2. Computer Science (Faculty of Science): Computer Science studies the principles and practice of computation and data processing; it considers problem-solving techniques and data manipulation for everything from routing data over the Internet and powering your social media feeds, to controlling GPS satellites, manufacturing robots, or even your computer.
Modules in this focal area are mainly from Computer Science, offered by the Division of Computer Science.
3. Analytics and Optimisation (Faculty of Economic and Management Sciences): Operations researchers use analytics and optimisation techniques to make a difference in the world. Mathematics is applied to complex problems to find meaningful, data-driven insights and improvements. Operations research is the science of better, evidence-based decision-making.
Modules in this focal area are mainly from Operations Research, offered by the Department of Logistics.
4. Applied Mathematics (Faculty of Science): Applied mathematics looks at real-world applications of mathematical methods in fields such as science, engineering, business, computer science and industry. It is therefore a combination of maths, science and domain knowledge.
Modules in this focal area are mainly from Applied Mathematics, offered by the Division of Applied Mathematics.
5. Behavioural Economics (Faculty of Economic and Management Sciences): Behavioural economics studies how psychological and economic factors affect the decisions we make as investors, consumers, voters and workers. Applying these theories to data provides data scientists with the opportunity to understand, predict and influence human behaviour.
Modules in this focal area are mainly from Economics, offered by the Department of Economics.
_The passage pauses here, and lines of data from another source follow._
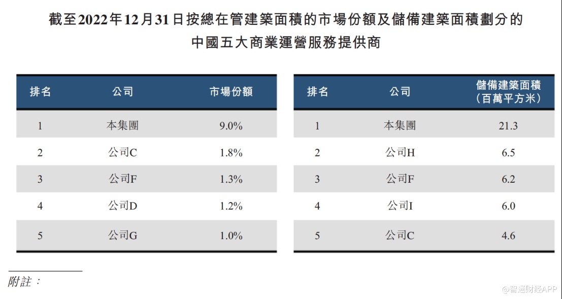 根据万达商管招股书,公司为中国最大的商业运营服务提供商,在管建筑面积在中国超过第二名至第十名的总和,储备项目建筑面积也在中国排名第一,截至2022年底,万达商管也是中国唯一向独立第三方大规模输出管理的商业运营公司,管理的独立第三方商业广场数量全国排名第一。
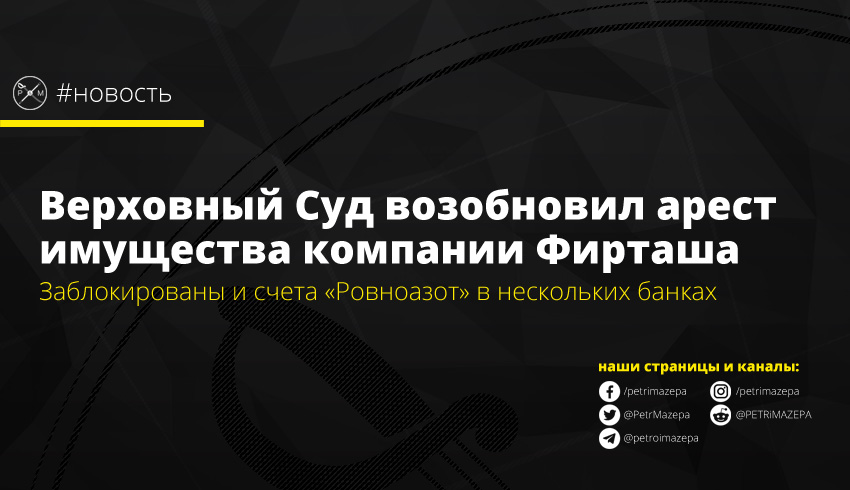 Верховный Суд Украины принял решение, согласно которому возобновляется арест всего движимого и недвижимого имущества предприятия «Рівнеазот». Кроме имущества, суд также возобновил арест счетов завода в банках «Клиринговый дом» и «Альянс».
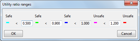 - Set the ranges of ratio for each of the colors that Tekla Structures uses to show safe and unsafe parts.
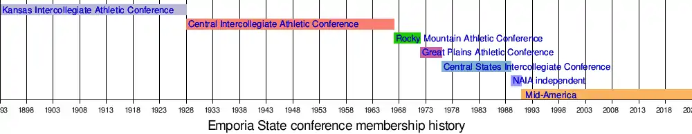Emporia State University began its athletic life as a member of the Kansas Intercollegiate Athletic Conference from 1893 to 1928.[11] Emporia State, along with other schools from the conference, withdrew from the KIAC and formed the Central Intercollegiate Athletic Conference in 1928, where it stayed as a member for thirty-nine years.[12] After competing the CIAC for almost four decades, Emporia State left the CIAC and joined the Rocky Mountain Athletic Conference in 1967.[13] In 1972, the RMAC split into two conferences, one keeping the current name and the other to be called Great Plains Athletic Conference, and four years later formed the Central States Intercollegiate Conference.[14] In 1989, the CSIC disbanded and Emporia State became an Independent.[15] In 1991, Emporia State became an NCAA Division II member and joined the Mid-America Intercollegiate Athletics Association, where it remains a member today.[16]

6. Statistical Genetics (Faculty of AgriSciences): Statistical genetics is the field of study where statistical methods are used to make inferences of genetic data. It is used in fields such as population quantitative genetics by for example plant breeders and conservation geneticists and in genetic epidemiology where the effects of genes on diseases are studied.
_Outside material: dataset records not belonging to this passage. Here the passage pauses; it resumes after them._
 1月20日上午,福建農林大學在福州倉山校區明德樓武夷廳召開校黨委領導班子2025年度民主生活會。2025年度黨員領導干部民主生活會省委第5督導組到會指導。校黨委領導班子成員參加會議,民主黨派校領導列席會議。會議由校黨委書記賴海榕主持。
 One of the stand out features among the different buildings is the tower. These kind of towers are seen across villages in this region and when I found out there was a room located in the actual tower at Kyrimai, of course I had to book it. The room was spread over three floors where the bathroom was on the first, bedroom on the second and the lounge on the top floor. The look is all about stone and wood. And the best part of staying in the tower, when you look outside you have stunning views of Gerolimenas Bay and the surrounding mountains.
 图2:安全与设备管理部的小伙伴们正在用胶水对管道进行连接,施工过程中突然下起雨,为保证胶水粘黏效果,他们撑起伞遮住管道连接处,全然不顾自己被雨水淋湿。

Modules in this focal area are mainly from Biology and Statistical Genetics, offered by the Department of Genetics.
7. Geoinformatics (Faculty of Arts and Social Sciences): Geoinformatics is the science and technology dealing with the structure and character of spatial information, its capture, its classification and qualification, its storage, processing, portrayal and dissemination.
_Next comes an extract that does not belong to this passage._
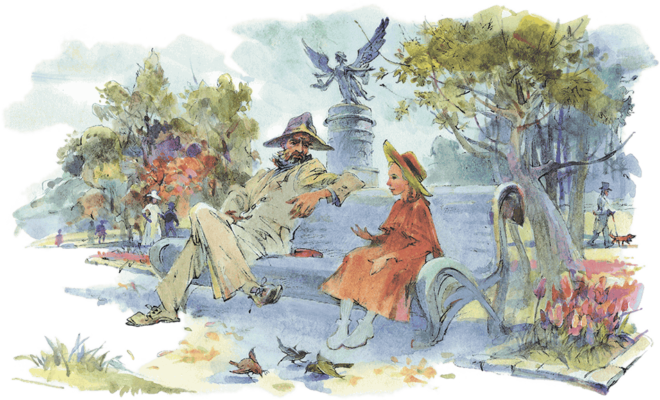 Заметив какого-то мужчину, сидящего неподалёку, девочка подошла и осторожно присела на противоположный край скамейки. В другое время она бы не задумываясь подвинулась к нему поближе и, весело поздоровавшись, предложила познакомиться, не сомневаясь, что незнакомец с радостью согласится. Но теперь, после неудачных попыток познакомиться, она немного оробела и только незаметно поглядывала на соседа.
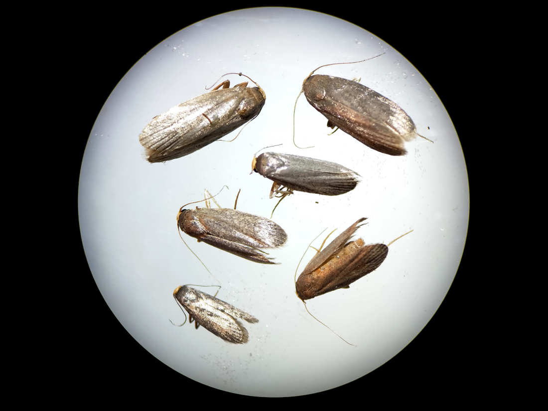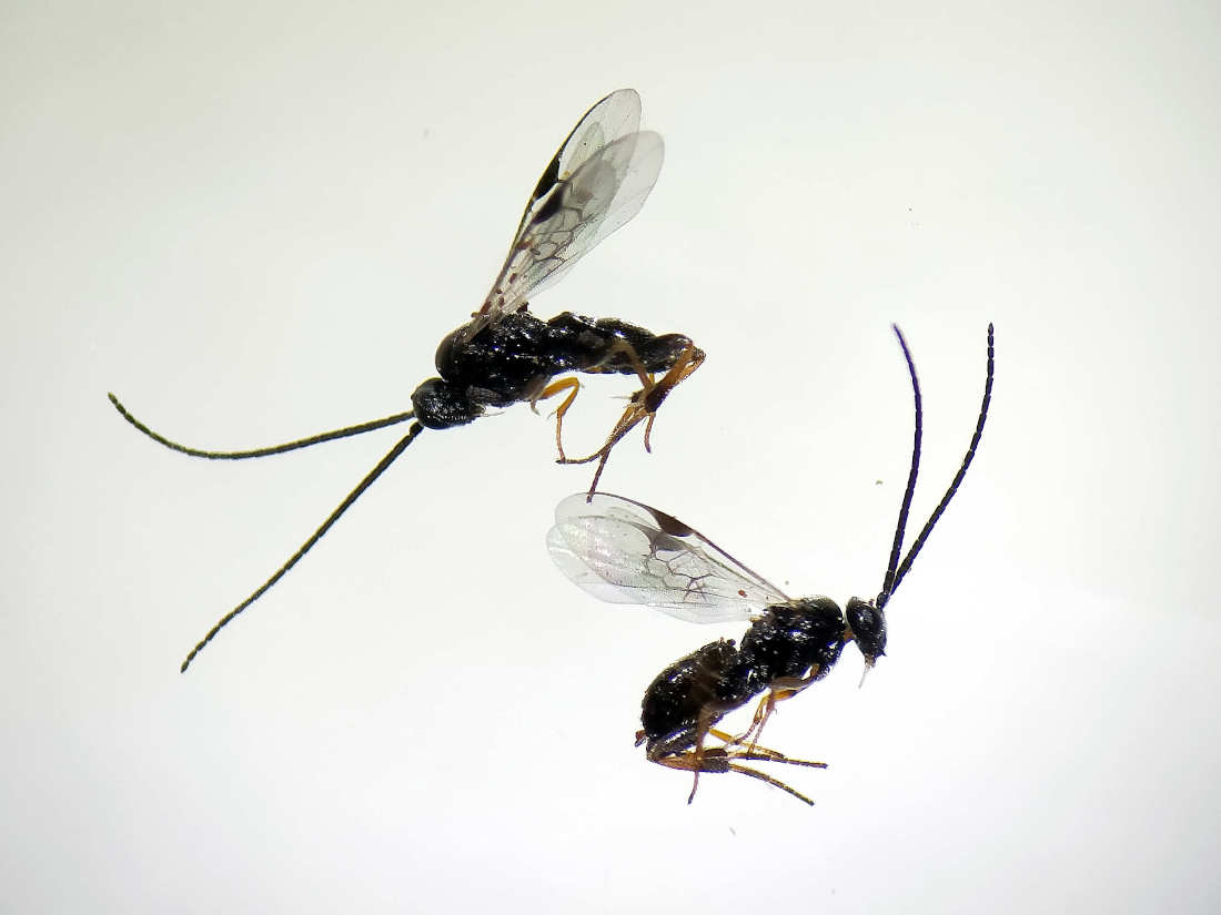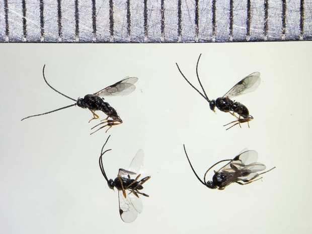 Ahora bien, además de aparecer adultos de la verdadera tiña, aparecieron avispas parasitoides de la familia Braconidae. Esto em pareció más interesante que la propia polilla. En las imágenes 6 y 7 se pueden ver cuatro adultos de lo que parece Apanteles galleriae. Por el aspecto, parecen del género Apanteles. Sin embargo, discernir entre las diferentes especies de este género es cosa de especialista. Pero teniendo en cuenta que solo se menciona en la literatura científica esta especie de bracónido, lo dejo en A. galleriae. También es parasitoide de Galleria mellonella.

Modules in this focal area are mainly from Geoinformatics, offered by the Department of Geography and Environmental Studies.
8. Statistical Physics (Faculty of Science): Statistical physics uses sophisticated maths and simulations to explore and understand the physics underlying everything from quantum mechanics to phase transitions to factory nuts and bolts.
Modules in this focal area are mainly from Statistical Physics, offered by the Department of Physics.